MARTIN: How is the allocation going to work? I mean, how do you know - determine which countries to send it to?
SMITH: Right. We're looking at that now. We're looking, obviously, at all regions because there is need across the globe. And we will be working very closely with something called COVAX, which is the international entity that handles vaccine delivery, including for the world's poorest countries, and with other partners, so that we can see a steady supply in as many places as possible.
MARTIN: Because the U.S. has bilateral agreements with countries like Mexico and Canada that it also needs to fulfill, right?
SMITH: Well, we've got to look - obviously, in our hemisphere is going to be very important. But one of the things that's very, very clear is that every region in the world is urgently seeking more vaccines so that they can get to the point that we are beginning to get to in the United States and some other countries and that we can collectively bring this pandemic under control.
MARTIN: Which outbreaks are most concerning to you as you look at this problem set?
SMITH: Well, right now, we're seeing surges in a number of places. Obviously, India has caught the world's attention, and we've been mounting an emergency response there. Our U.S. Agency for International Development is now mounting an additional response to India's neighbors, including Nepal. But we are seeing upticks again in every region. And there is some evidence that the variant that was first detected in India is moving east and west. So we anticipate that we will see surges around the world on a fairly regular basis. The challenge is to get out ahead of that.
MARTIN: Yeah. You said that part of this is an effort to incentivize other countries that have vaccines to share as well. Are you talking specifically about European partners?

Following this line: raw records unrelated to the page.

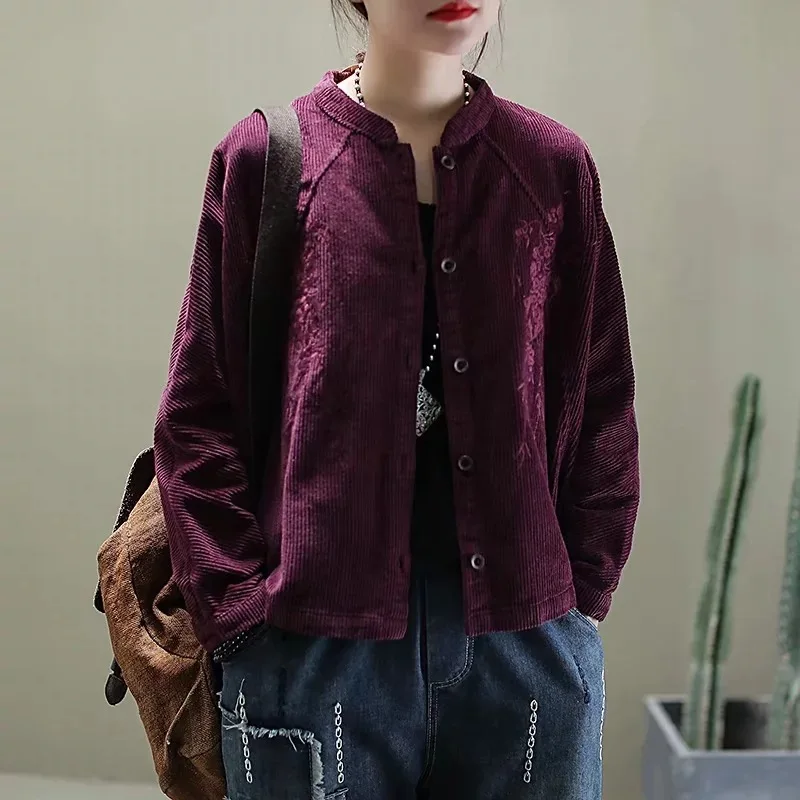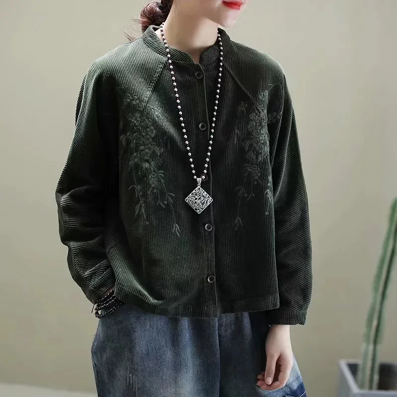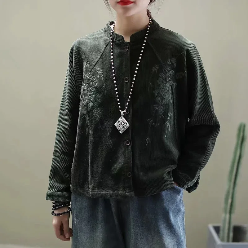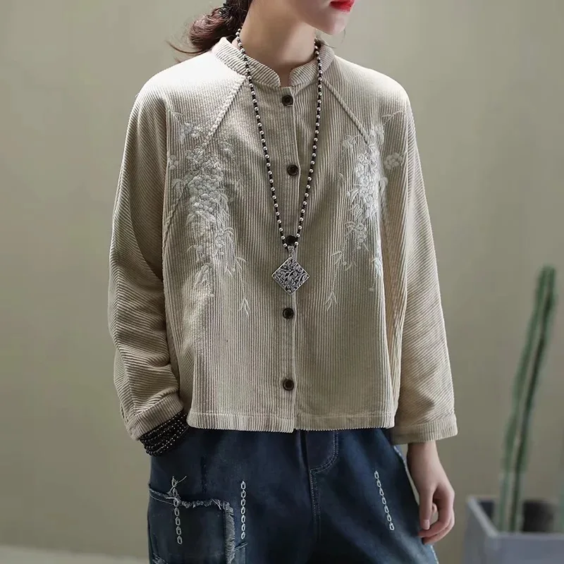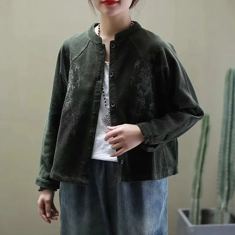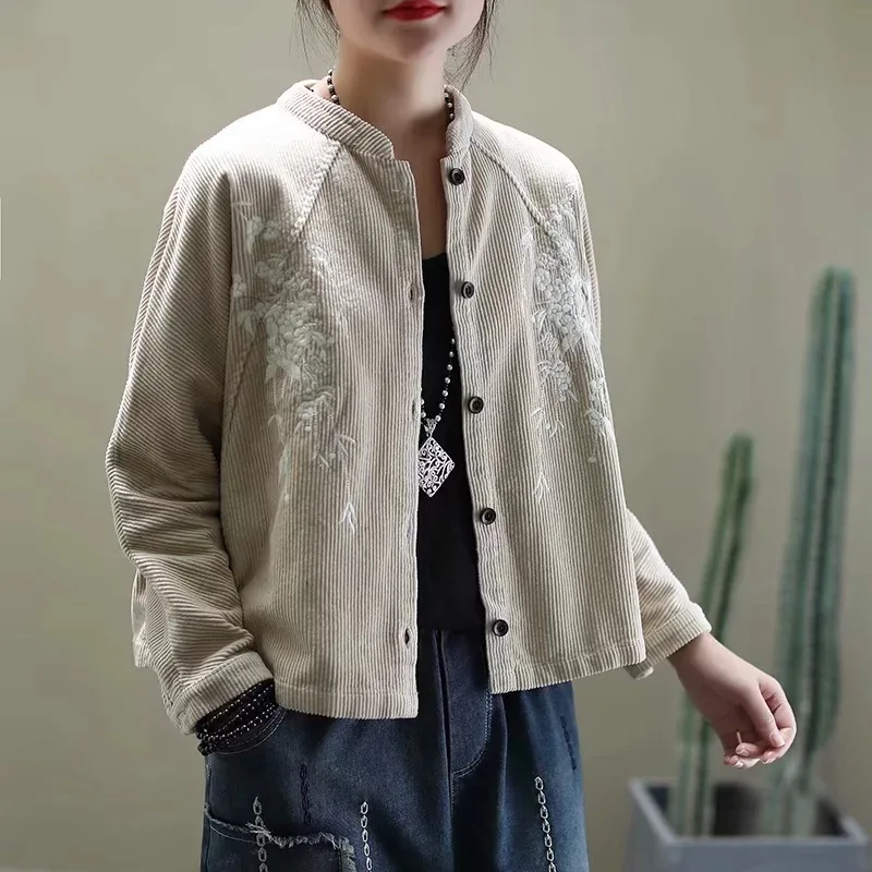 Китайские весенние модные вельветовые куртки с вышивкой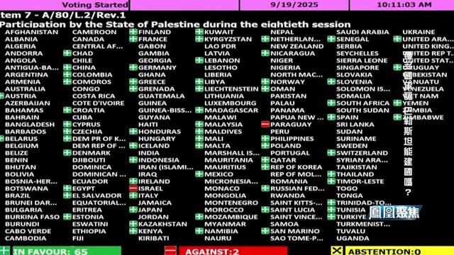 据凤凰卫视报道,在刚刚过去的联合国大会上,支持巴勒斯坦建国的国家已经接近160个。这是数十年来最大规模的支持浪潮,而且支持者中许多都是美国的坚定盟友。这种前所未有的转变为何发生?强大的支持浪潮会令巴勒斯坦离建国更进一步吗?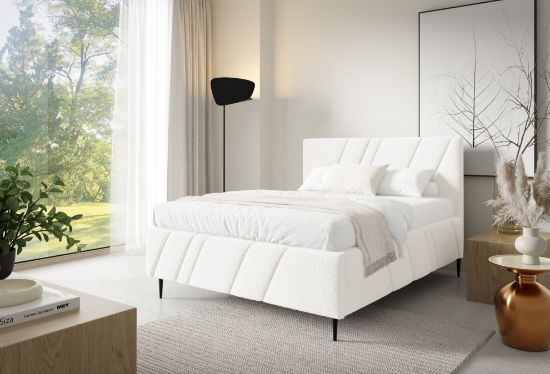 Czarne metalowe nóżki nadają łóżku stabilność oraz nowoczesny charakter, a ozdobne przeszycia w tapicerce podkreślają dopasowany i elegancki design mebla. To połączenie wygody, funkcjonalności i stylu, dzięki któremu sypialnia staje się przytulnym i komfortowym miejscem codziennego odpoczynku.

SMITH: Yeah, there are a number of countries, and many of them have already indicated an interest in sharing or begun doing so, not to the extent of the United States - 80 million puts us way out in front. But, again, I think our finding is when we talk to our partners in the G-7, when we talk to other partners around the world, there is a real desire and commitment to sharing more doses. And so I think we will see an increase in sharing all over the world.

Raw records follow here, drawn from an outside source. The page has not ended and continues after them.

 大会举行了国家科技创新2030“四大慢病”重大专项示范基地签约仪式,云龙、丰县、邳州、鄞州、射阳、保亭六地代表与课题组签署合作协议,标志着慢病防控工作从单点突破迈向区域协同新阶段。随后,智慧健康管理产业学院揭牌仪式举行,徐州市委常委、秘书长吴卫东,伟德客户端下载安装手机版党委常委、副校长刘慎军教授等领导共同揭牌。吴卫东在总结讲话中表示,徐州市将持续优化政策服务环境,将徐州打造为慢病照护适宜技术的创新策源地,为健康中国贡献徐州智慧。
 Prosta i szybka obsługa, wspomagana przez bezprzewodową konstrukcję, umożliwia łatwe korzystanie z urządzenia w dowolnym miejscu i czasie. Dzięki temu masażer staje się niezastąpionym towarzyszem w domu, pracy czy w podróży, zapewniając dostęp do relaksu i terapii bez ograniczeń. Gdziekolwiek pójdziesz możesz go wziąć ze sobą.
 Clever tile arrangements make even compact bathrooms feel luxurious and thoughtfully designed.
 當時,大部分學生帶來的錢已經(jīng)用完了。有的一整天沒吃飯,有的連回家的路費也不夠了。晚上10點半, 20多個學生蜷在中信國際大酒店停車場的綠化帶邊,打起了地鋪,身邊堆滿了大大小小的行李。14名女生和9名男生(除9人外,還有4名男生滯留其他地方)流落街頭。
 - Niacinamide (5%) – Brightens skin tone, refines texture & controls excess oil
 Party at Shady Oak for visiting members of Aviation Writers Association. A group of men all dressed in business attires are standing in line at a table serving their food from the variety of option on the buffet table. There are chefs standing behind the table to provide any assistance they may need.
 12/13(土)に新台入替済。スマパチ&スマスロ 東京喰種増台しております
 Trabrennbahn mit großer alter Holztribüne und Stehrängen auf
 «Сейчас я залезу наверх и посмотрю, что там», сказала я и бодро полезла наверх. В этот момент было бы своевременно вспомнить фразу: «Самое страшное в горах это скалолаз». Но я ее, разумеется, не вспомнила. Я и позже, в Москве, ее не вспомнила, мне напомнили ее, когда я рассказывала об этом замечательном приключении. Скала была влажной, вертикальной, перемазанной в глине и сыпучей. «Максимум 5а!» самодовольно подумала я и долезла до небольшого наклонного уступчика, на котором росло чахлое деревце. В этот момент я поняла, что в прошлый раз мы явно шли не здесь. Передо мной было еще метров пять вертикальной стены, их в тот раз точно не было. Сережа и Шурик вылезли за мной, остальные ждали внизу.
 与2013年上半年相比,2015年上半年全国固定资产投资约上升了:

MARTIN: Obviously, getting vaccine to the countries that are hardest hit is of paramount concern, but it's not going to be enough in and of itself, right? I mean, each of these countries are going to have to eventually be able to figure it out. Production's going to have to be ramped up in these places, technology shared. How does the U.S. and the Biden administration plan to contribute to those areas?
SMITH: Well, you're exactly right, Rachel. And the dose sharing is only one part of a broad vaccine strategy. First, we've got to expand supply, and we are working on that through a number of things. One is engaging the producers, but the other is to make some of the investments that can yield short to medium-term expansions in production in various parts of the world. Additional funding for COVAX, which is targeting 92 countries around the world - we're the largest donor with a recent contribution of $2 billion - that's a really, really key point as well. So we've got to move on all of these fronts.
MARTIN: Gayle Smith is the coordinator for Global COVID Response and Health Security at the State Department. We appreciate you taking the time. Thank you.
SMITH: Thank you so much for having me.